The fatty acid composition of virgin olive oil is influenced by several factors, including latitude, climate, geographical origin, variety and ripeness of the fruit [90,91]. In our experiment, which was conducted using a laboratory-scale Abencor system (Table S5 in Supplementary Material), variety had a significant effect on all identified fatty acids (except eicosenoic acid). No significant deviations were found in the fatty acid profiles of the control samples compared to previously published data for oils from the same olive varieties also produced with the Abencor system [72,92,93,94].

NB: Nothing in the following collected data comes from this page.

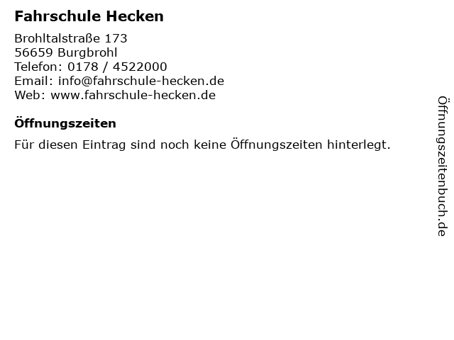 | Öffnungszeiten Fahrschule Hecken in Burgbrohl anzeigen | |
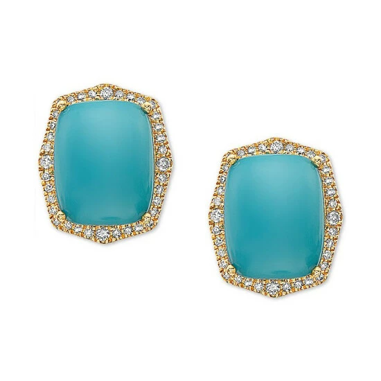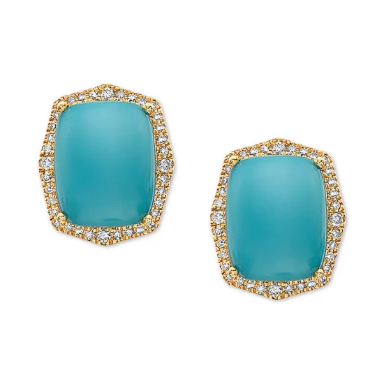 Brilliant blue turquoise stones are wrapped in diamond frames on these stunning stud earrings from EFFY®.
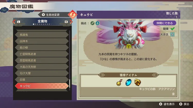 龍の国ルーンファクトリーの「キュウビ」について掲載しています。攻略情報、出現場所や入手アイテム、大きさや仲間にできるかをまとめていますので、龍ファク / 龍の国ルンファクの攻略にお役立てください。

When discontinuous flash thermal treatment (FTT) was applied, a slight but statistically significant increase in the percentage share of oleic acid and total MUFA in VOOs from Istarska Bjelica, palmitic acid in samples from Levantinka and Oblica, palmitoleic and linoleic acid together with total SFA and PUFA in Levantinka variety was observed. The differences in the mentioned fatty acid composition are too small to justify an effect of flash treatment.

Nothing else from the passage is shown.